If I could give advice to my younger self about balancing creativity and mental health… I’d say I’m still figuring it out. Still searching for my own work-life balance — be it a creative one, or the more music-business aspect. I don't have much downtime. I feel like I live in it. My partner is also a musician, so it's a constant — but I don't mind it!».

Talking to Aiko didn’t feel like an interview. It felt like a quiet, honest check-in with someone who’s learning, like all of us, how to stay afloat while doing the thing she loves.

What she shared — and how openly she shared it — reminded me why conversations like this matter. Because while we praise artists for their vulnerability, we often forget the cost of being open in public. It’s crucial that creatives speak about what’s really going on — not just the process, but the pressure, the loneliness, the emotional labor.
This helps dismantle the old myth that art has to come from suffering. That the more broken you are, the better the work. That drama fuels genius.
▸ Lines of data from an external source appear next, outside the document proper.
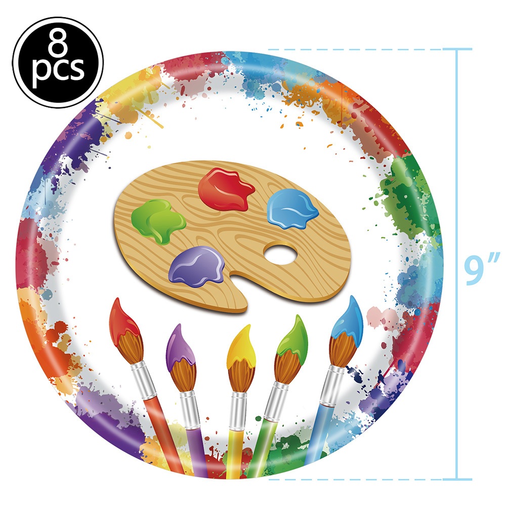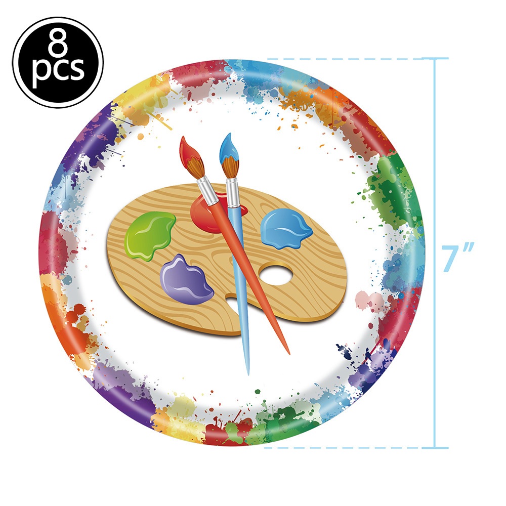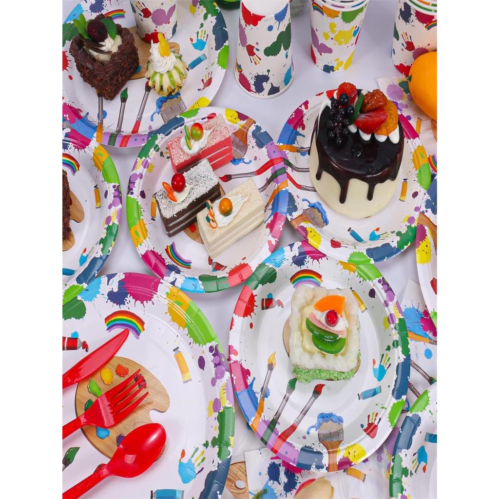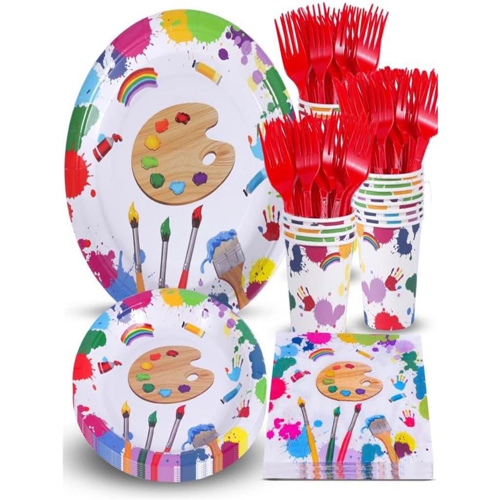 Art birthday party supplies, art plates and napkins, art paper plates, cups, napkins and cutlery, suitable for painting birthday, baby shower art theme party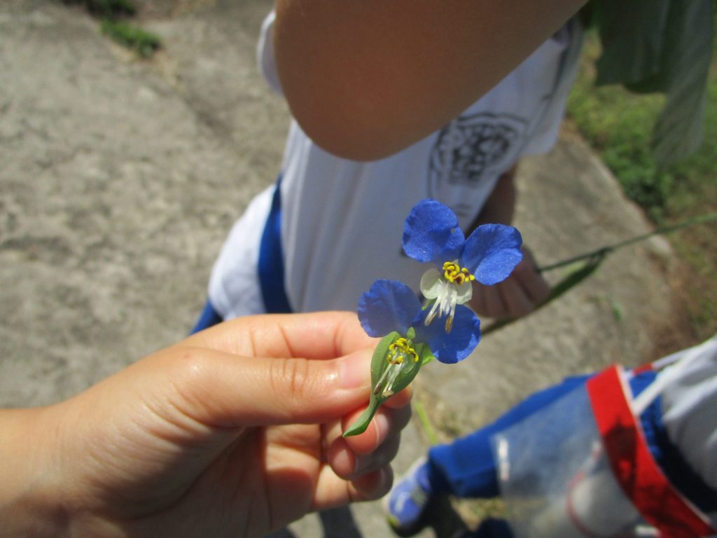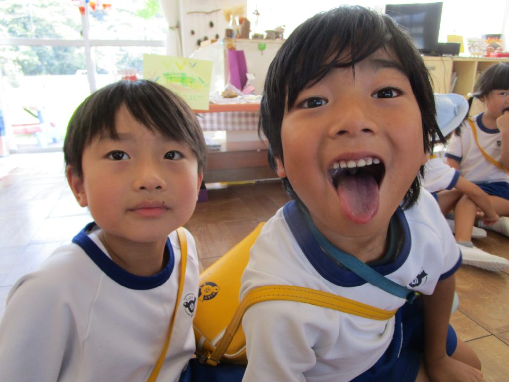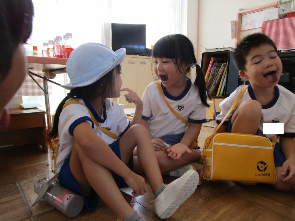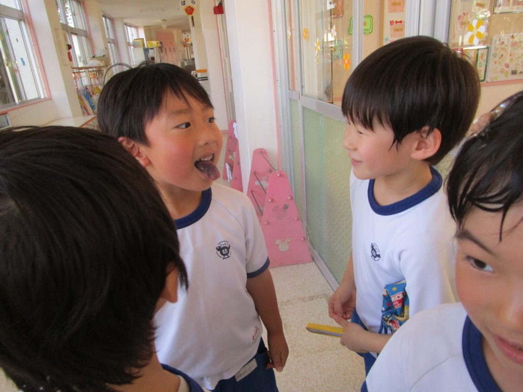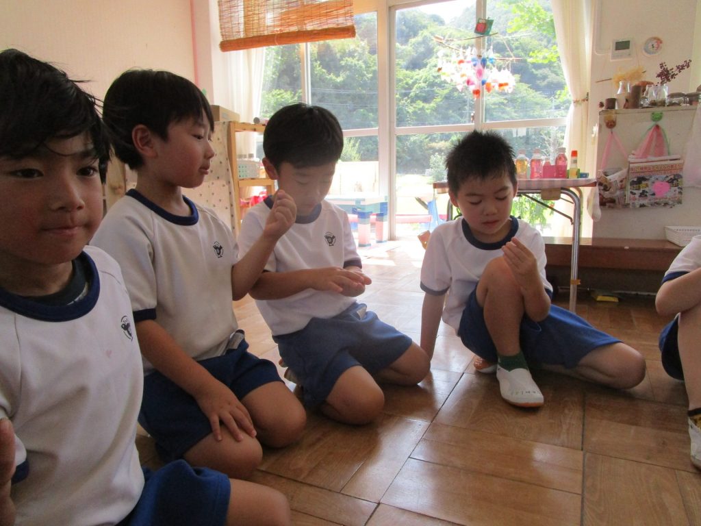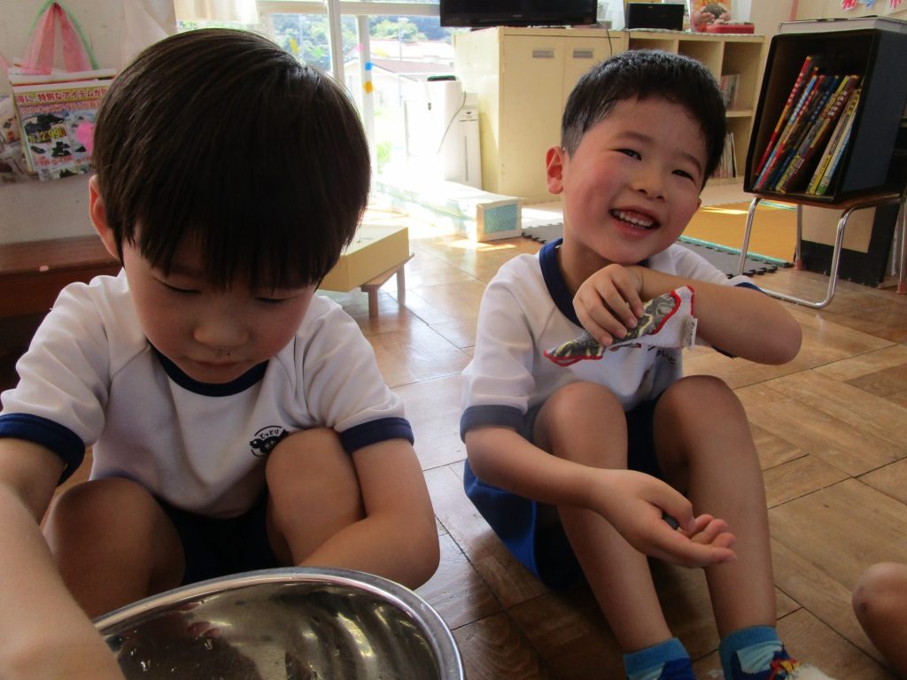 この日の朝の「おはよう」の時間に、できた色水を紹介してくれました。のりのりです。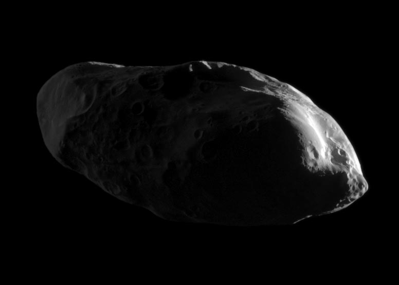Appearing like eyes on a potato, craters cover the dimly lit surface of the moon Prometheus in this high-resolution image from the Cassini spacecraft's early 2010 flyby. The Jan. 27 encounter represented the closest imaging sequence yet of that moon for Cassini. This view looks toward the trailing hemisphere of Prometheus (86 kilometers, or 53 miles across). North on Prometheus is up and rotated 8 degrees to the right. The moon is lit by sunlight on the right and Saturnshine on the left. The image was taken in visible light with the Cassini spacecraft narrow-angle camera on Jan. 27, 2010. The view was obtained at a distance of approximately 34,000 kilometers (21,000 miles) from Prometheus and at a Sun-Prometheus-spacecraft, or phase, angle of 126 degrees. Image scale is 200 meters (656 feet) per pixel. |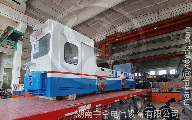 檢修完的25噸蓄電池湘潭電機(jī)車由專車發(fā)往上海。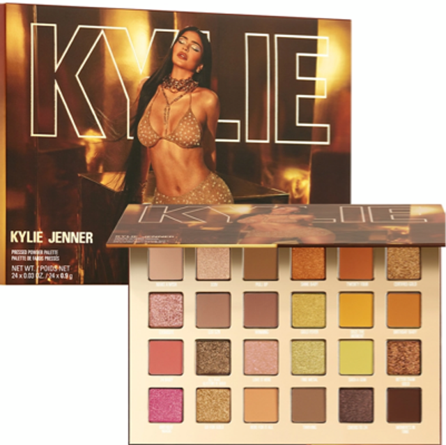Ma palette de poudre pressée Kylie Cosmetics 24K Birthday Collection en édition limitée contient 24 nuances dans quatre finitions : mat, chatoyant, métallique et pailleté. Ces formules douces glissent sans effort et offrent un rendu de couleur hautement pigmenté.

It doesn’t.

With the rise of social media, pressure is everywhere — and it affects everyone. Public figures read everything said about them. Viewers, followers, random commenters aren’t just watching the creative process anymore — they’re actively shaping it. That’s why we need more awareness on both sides of the screen.

Yes, artists need emotional resilience — but not to survive abuse. They need it to do their job well. To keep creating. To stay connected to the reason they started in the first place.

And we, as the audience, need to take some responsibility too. Not to turn someone else’s honesty into a punching bag. There’s always a real human behind the username. And caring for mental health isn’t just about “how I feel” — it’s also about “how I make others feel.”

That’s why we publish pieces like this. Not to romanticize pain. But to notice it.
Hold space for it. And remind each other: being human is not a flaw — it’s the point.

That, I think, is the real takeaway.